GIVEN DATA:
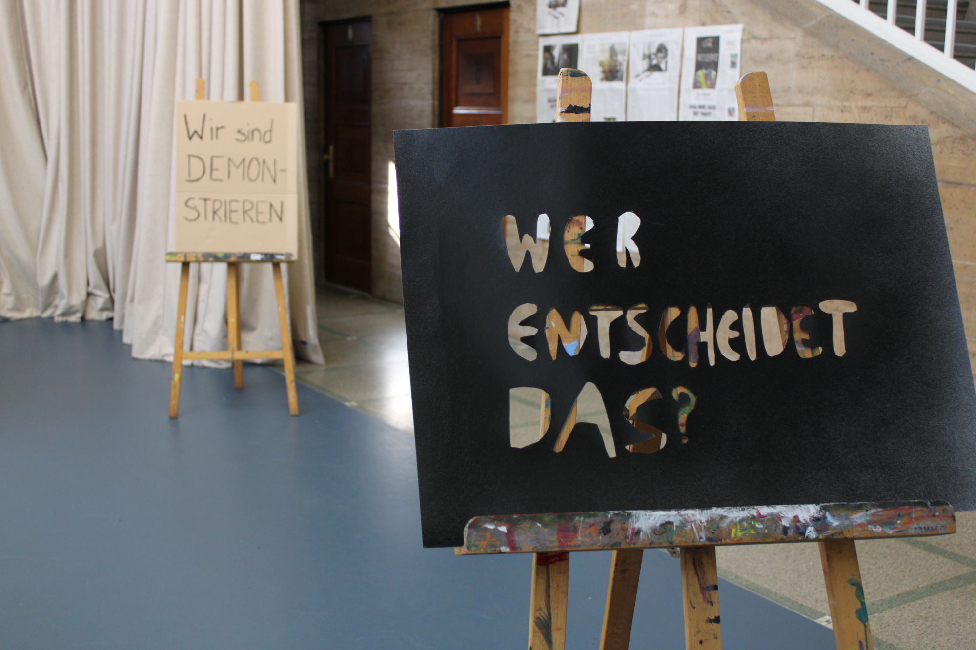 Am 03.03. hat der Kunstkurs des PGW-Profils „Demokratie und Verantwortung“ den Spagat zwischen Friedensdemo und Ausstellung versucht. Nach kurzer Überlegung haben wir unsere Ausstellung – Abschluss-Highlight des Kooperationsprogramms Kunstpioniere – zusammen mit unserer Künstlerin Sabine Dittmer wie geplant im Atelier I der Kunsthalle aufgebaut und eine Abwesenheitsnotiz auf einer Staffelei dazu gestellt. Mit ganz reduzierter, aber sehr engagierter Besetzung im Ausstellungsraum wurde dann sogar noch unsere Siebdruckaktion realisiert und nun werden Ideen und Gedanken aus der Ausstellung auch ganz physisch auf Stoffbeuteln in die Welt hinausgetragen.
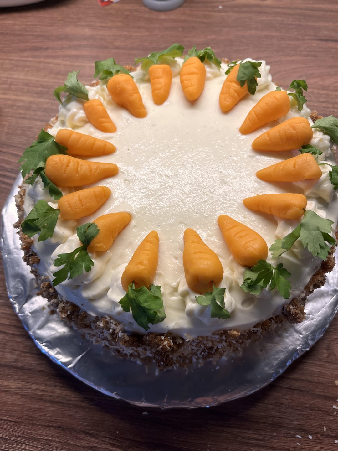 is that… parsley? on the top? no hate, just curious- i’ve never seen parsley used outside of savoury dishes. why not use green frosting, or more fondant like the rest of the carrot decorations? also, is the parsley expected to be picked off prior to eating the cake, or is it kept on, and if so, does the flavour conflict with the cake at all?
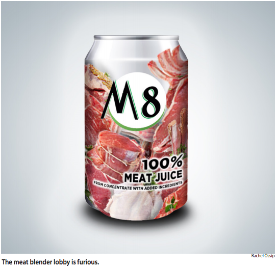 While advocates and customers agree that the flesh-based smoothie will not replace a balanced meal entirely, M8 remains a savory way to easily ingest all eight daily recommended servings of vitamin-rich meat.
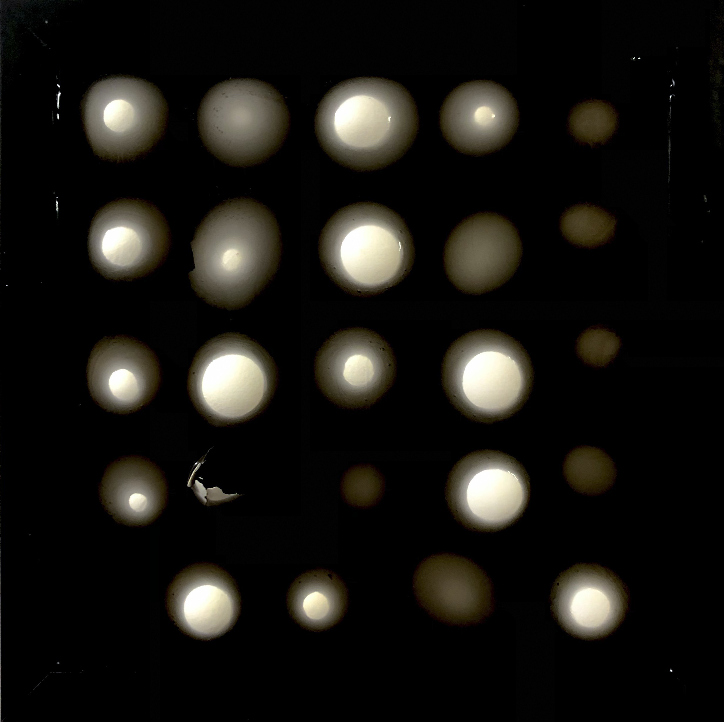ABERRATIO VI / 2022 / Epoxidharz , Harzfarbe, Eierschalen / 26 x 26 x 5 cm
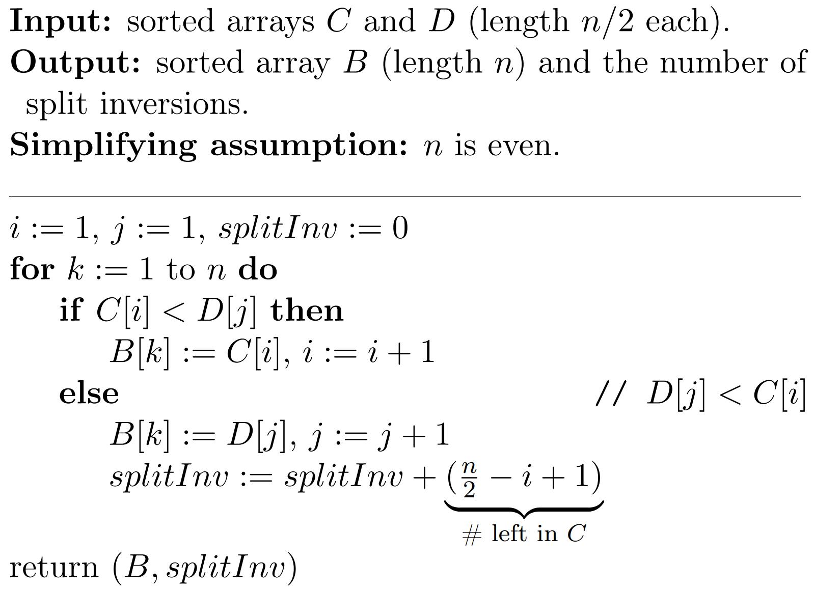 - **Output:** The number of inversions of $A$ — the number of pairs $(i, j)$ of array indices with $i < j$ and $A[i] > A[j]$.
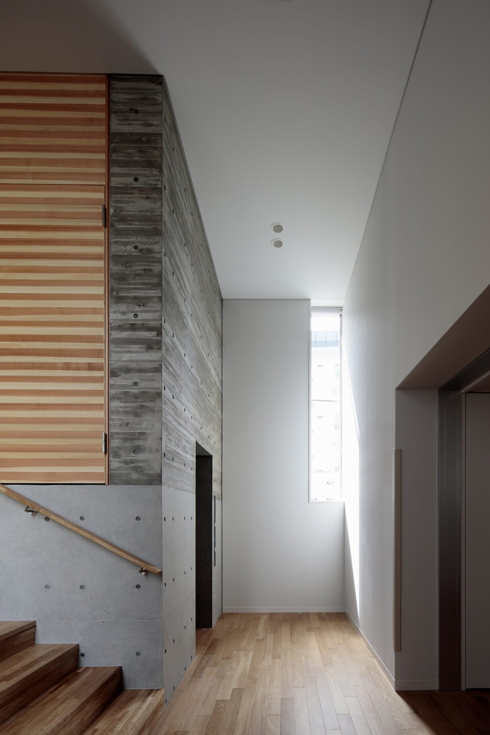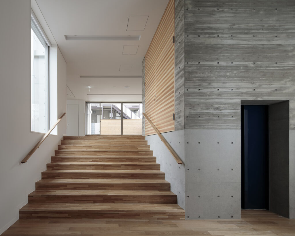 計画地は既存建物の土地から約1.5M高い土地でしたが、この高低差を 前向きに生かして室内に様々な天井高を持たせることで、変化があり楽しく親しみの持てる空間となることを目指しています。
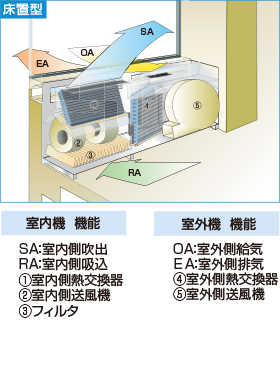 - 中央方式:冷凍機やボイラなどの熱源を機械室などに集約して、ダクトを使って複数個所に冷風や温風を運ぶ方式。
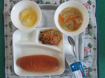 カレードリア、豚肉とキャベツのスープ、りんご(カット缶)、パン、牛乳
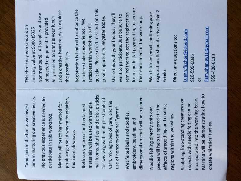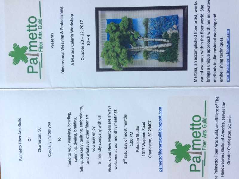 I've been asked to address the loss of our Row Robin thread. I'm as frustrated as the rest of you. I have no idea why it happened, or how to fix it. So,,, I am officially asking everyone to use our virtual retreat thread to post about the Row Robin exchange. It would be really nice if all involved could get their rows and/or fabrics received together and take a photo or two, please. Thanks for continuing on with all of this, as I have become the 'on the shore but cheering' person. I'm glad a got some fabric off to everyone at the onset, as my life turned into a bit of a whirlwind of events and undertakings. One of which has been becoming a Second VicePresident, in charge of programs for the Palmetto Fiber Arts Guild. Little did I know that nothing had been planned for 2016, and programs not only meant presentations at monthly meetings, but workshops, classes, etc etc!! There were no informational forms to follow, or anything written to go by, oh, and did I mention, no designated budget?? I guess I did ok, I was unanimously elected again! But the, no one else was willing to take it over. So, the first few months of this year have been going a lot better, as I believe in planning a year in advance for this type of thing! I stepped out on a limb recently, wrote up a contract, and booked a teacher to come in for a 3-day workshop for this coming October! I need 12 to break even, and I have 7 registered in less than a month! Now it's on to advertising it to our community.
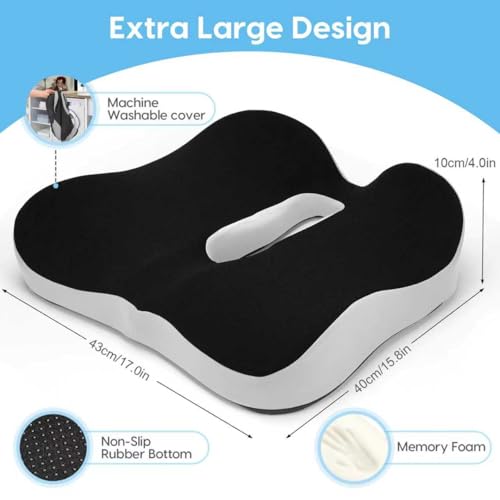 - 【Extra Large Seat Cushion】DmTown office chair cushion is made of oversized (43cm x 40cm) and 10cm thick memory foam layer, which is very suitable for larger people.The pressure cushion has moderate hardness, conforms to the hip curve and provides sufficient support for the hip and thigh. The bottom of the cushion cover is non-slip, removable and machine washable, ensuring easy cleaning and durability.
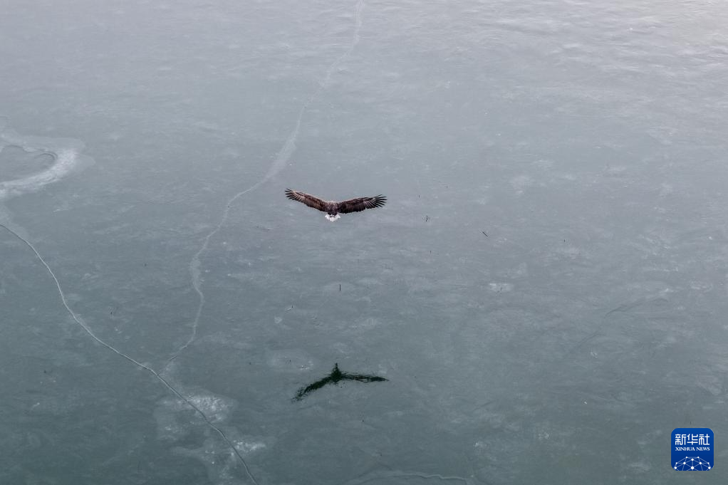 11月22日,在河西走廊東端的甘肅民勤石羊河國家濕地公園,國家一級保護野生動物白尾海雕在紅崖山水庫翱翔(無人機照片)。
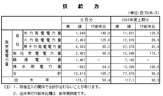 2003年9月分・上期分の営業概況
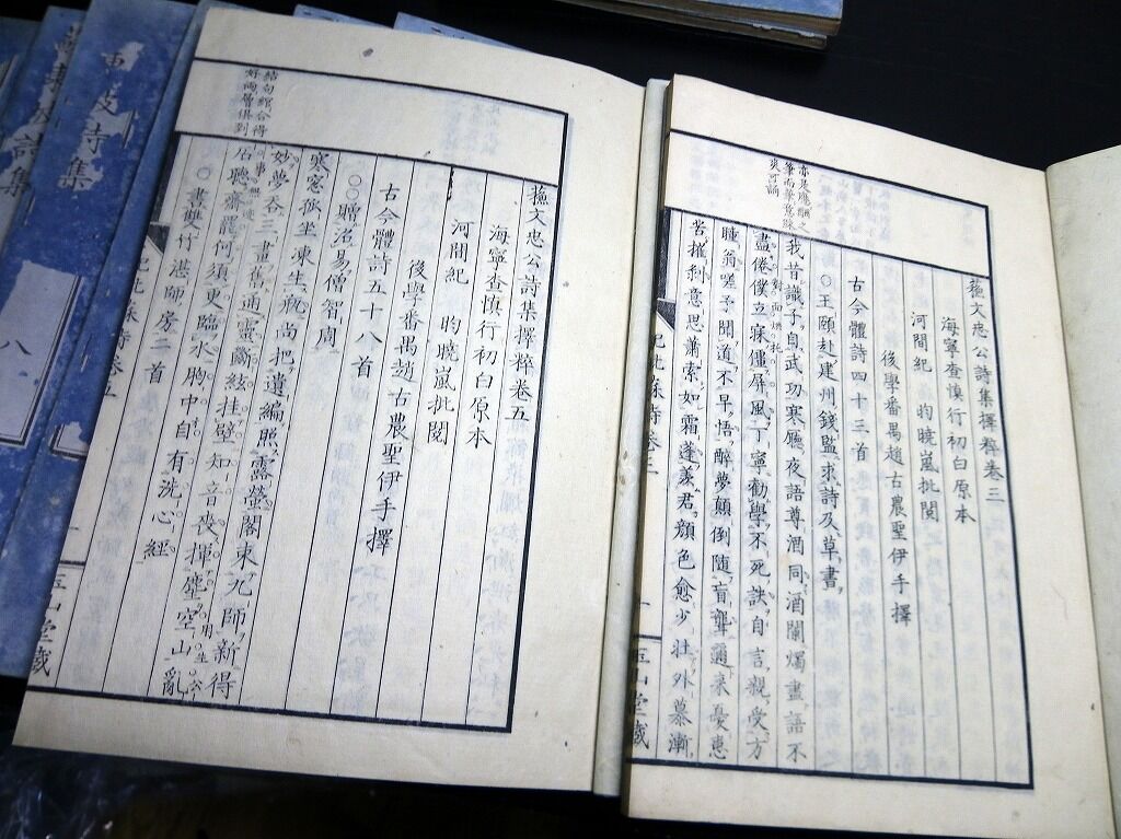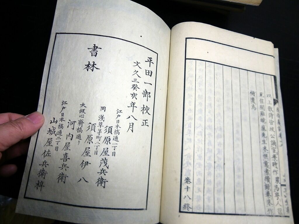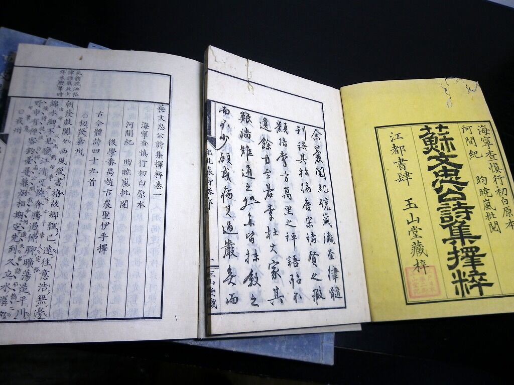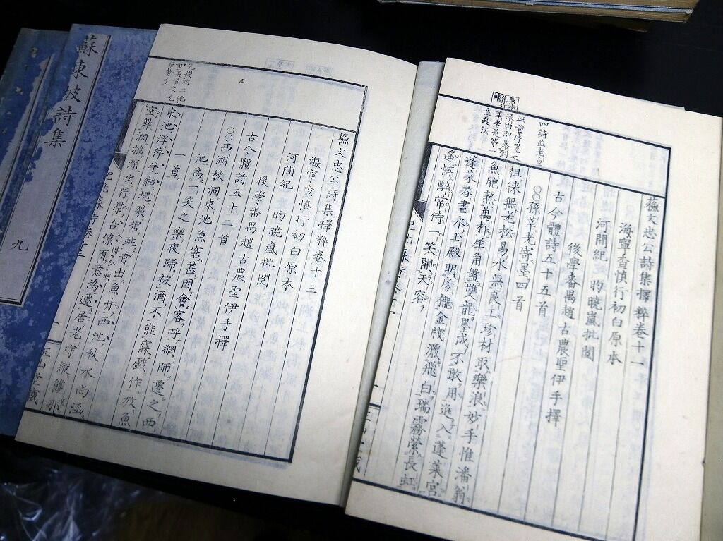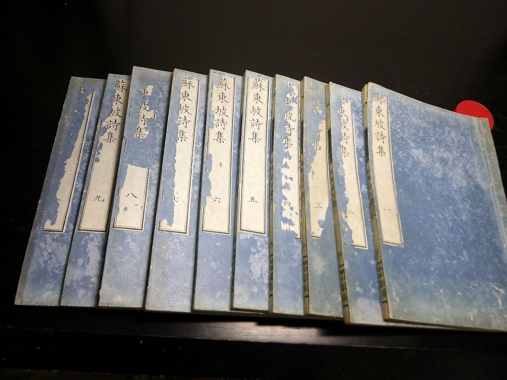 2022年02月11日 和本江戸文久3年(1863)中国漢詩「蘇東坡詩集(蘇文忠公詩集擇粹)」10冊揃い/古書古文書/木版摺り 和本江戸文久3年(1863)中国漢詩「蘇東坡詩集(蘇文忠公詩集擇粹)」10冊揃い/古書古文書/木版摺りです。2+4+28、16+16、14+16、16+14、17+14、16+18、18+15、16+12、18+14、14+16丁。大本。木版刷り。元題簽傷み欠損あり。見返しあり。奥付あり。『データ』【書名】 蘇東坡詩集(蘇文忠公詩集擇粹)【巻冊】 10冊揃【著者】 蘇東坡【成立】 文久3年(1863) タグ :#和本#漢詩

AIM OF THE TASK: Leaving out each picture, repeat exactly the lines above from the one that contains "- 中央方式:冷凍機やボイラ" through the one that contains "2003年9月分・上期分の営業概況".

WRITTEN ANSWER:
 - 中央方式:冷凍機やボイラなどの熱源を機械室などに集約して、ダクトを使って複数個所に冷風や温風を運ぶ方式。
 カレードリア、豚肉とキャベツのスープ、りんご(カット缶)、パン、牛乳
 I've been asked to address the loss of our Row Robin thread. I'm as frustrated as the rest of you. I have no idea why it happened, or how to fix it. So,,, I am officially asking everyone to use our virtual retreat thread to post about the Row Robin exchange. It would be really nice if all involved could get their rows and/or fabrics received together and take a photo or two, please. Thanks for continuing on with all of this, as I have become the 'on the shore but cheering' person. I'm glad a got some fabric off to everyone at the onset, as my life turned into a bit of a whirlwind of events and undertakings. One of which has been becoming a Second VicePresident, in charge of programs for the Palmetto Fiber Arts Guild. Little did I know that nothing had been planned for 2016, and programs not only meant presentations at monthly meetings, but workshops, classes, etc etc!! There were no informational forms to follow, or anything written to go by, oh, and did I mention, no designated budget?? I guess I did ok, I was unanimously elected again! But the, no one else was willing to take it over. So, the first few months of this year have been going a lot better, as I believe in planning a year in advance for this type of thing! I stepped out on a limb recently, wrote up a contract, and booked a teacher to come in for a 3-day workshop for this coming October! I need 12 to break even, and I have 7 registered in less than a month! Now it's on to advertising it to our community.
 - 【Extra Large Seat Cushion】DmTown office chair cushion is made of oversized (43cm x 40cm) and 10cm thick memory foam layer, which is very suitable for larger people.The pressure cushion has moderate hardness, conforms to the hip curve and provides sufficient support for the hip and thigh. The bottom of the cushion cover is non-slip, removable and machine washable, ensuring easy cleaning and durability.
 11月22日,在河西走廊東端的甘肅民勤石羊河國家濕地公園,國家一級保護野生動物白尾海雕在紅崖山水庫翱翔(無人機照片)。
 2003年9月分・上期分の営業概況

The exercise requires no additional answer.